Given information:

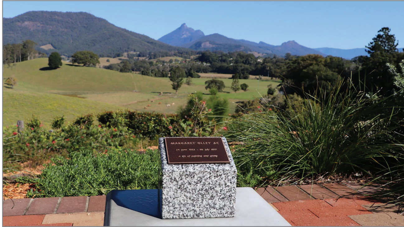
A memorial plaque indicates the location of Margaret Olley's final resting place in the grounds of the Tweed Regional Gallery and Margaret Olley Art Centre.

Tweed Shire Council wishes to recognise the generations of the local Aboriginal people of the Bundjalung Nation who have lived in and derived their physical and spiritual needs from the forests, rivers, lakes and streams of this beautiful valley over many thousands of years as the traditional owners and custodians of these lands.
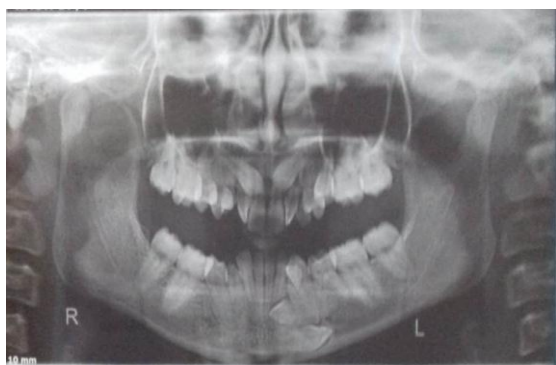
Fig. 6: OPG showing impacted and transmigrated canines and missing teeth.

Orthopantomogram (OPG) examination revealed right and left permanent impacted canine in maxillary arch. Both mandibular permanent canines were horizontally impacted on left side of mandibular arch. All four third molars and right and left side second mandibular premolars were found to be missing from OPG examination (fig.6).
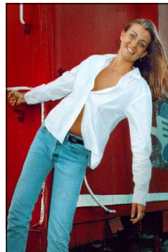
by John Baltz

Take a look at these two images. One is posed against a brightly lit sky. It offers no background and the lighter area of the sky just distracts from the image. Now with just a simple changing of the pose, the image is even and the subject becomes more pronounced.
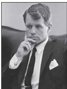
Robert Kennedy
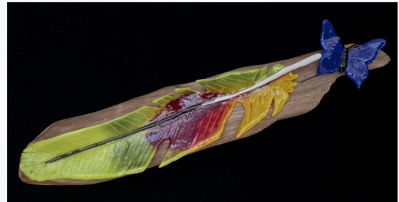
Peggy Shashy Glass & Driftwood
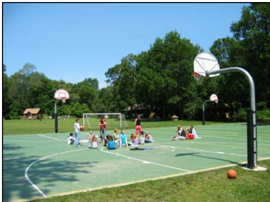
Order! ... Court is now in session!

We welcome summer and you back to Camp Onyahsa. After a busy spring, full of monthly camps, school groups, weddings, church retreats, and an Open House; Onyahsa is ready for its 109 th summer of great youth resident and day camping!
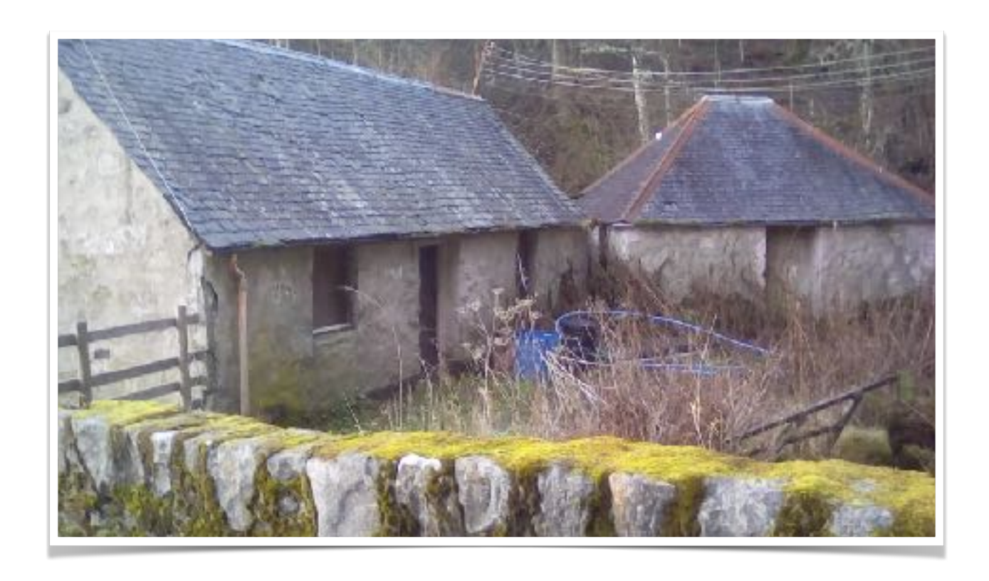
Bothy Bar 2022, now disused
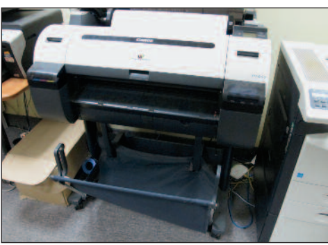
Canon Image Printer Model IPF655
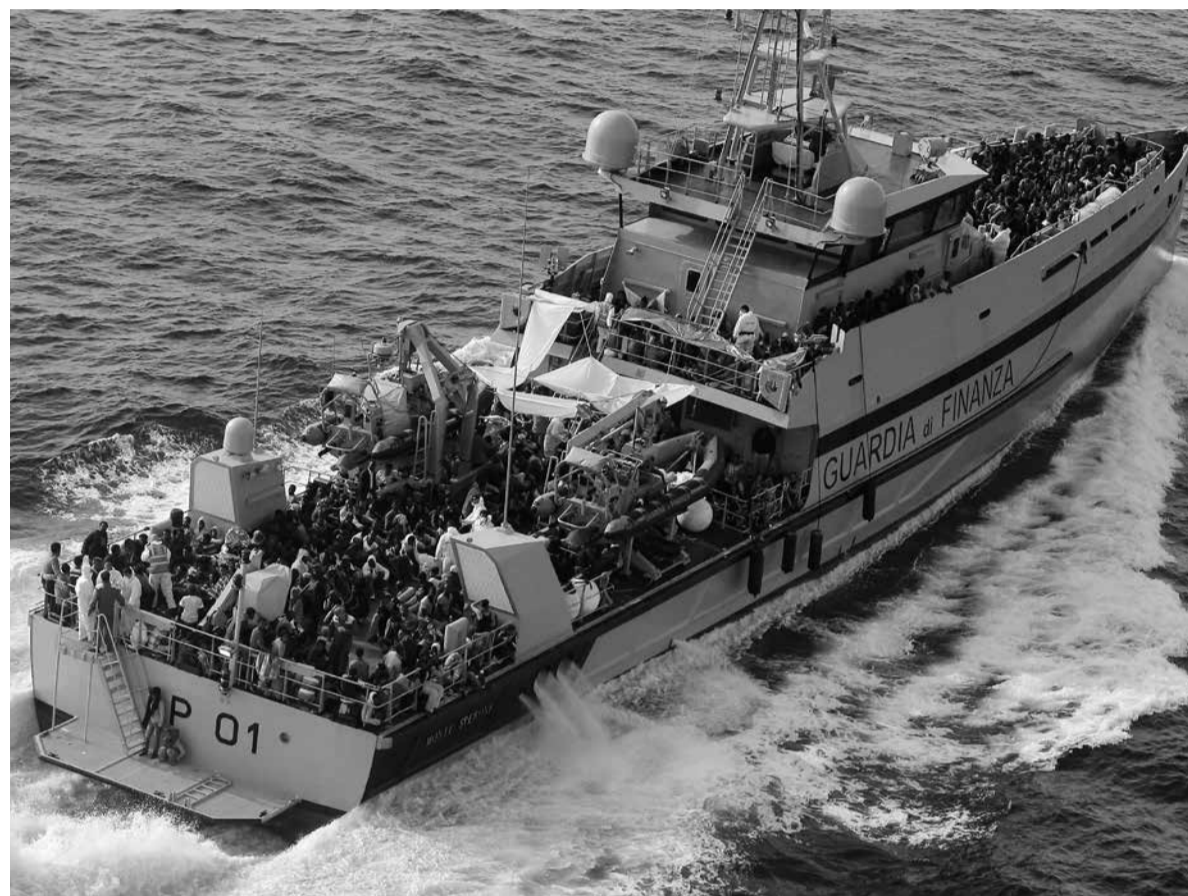
Rescued migrants are seen aboard MP01 ship of the Italian border police in the Mediterranean Sea

Most of those 24,000 migrants were scooped up by Italian coast guard and EU vessels from recklessly overloaded vessels that were left drifting, engines dead, between Libya and Italy in a body of water dubbed the Lampedusa

Your assignment: Give back exactly the run of lines that opens the material above and ends at the line with "Tweed Shire Council". Omit the pictures.

Solution to the problem:
A memorial plaque indicates the location of Margaret Olley's final resting place in the grounds of the Tweed Regional Gallery and Margaret Olley Art Centre.

Tweed Shire Council wishes to recognise the generations of the local Aboriginal people of the Bundjalung Nation who have lived in and derived their physical and spiritual needs from the forests, rivers, lakes and streams of this beautiful valley over many thousands of years as the traditional owners and custodians of these lands.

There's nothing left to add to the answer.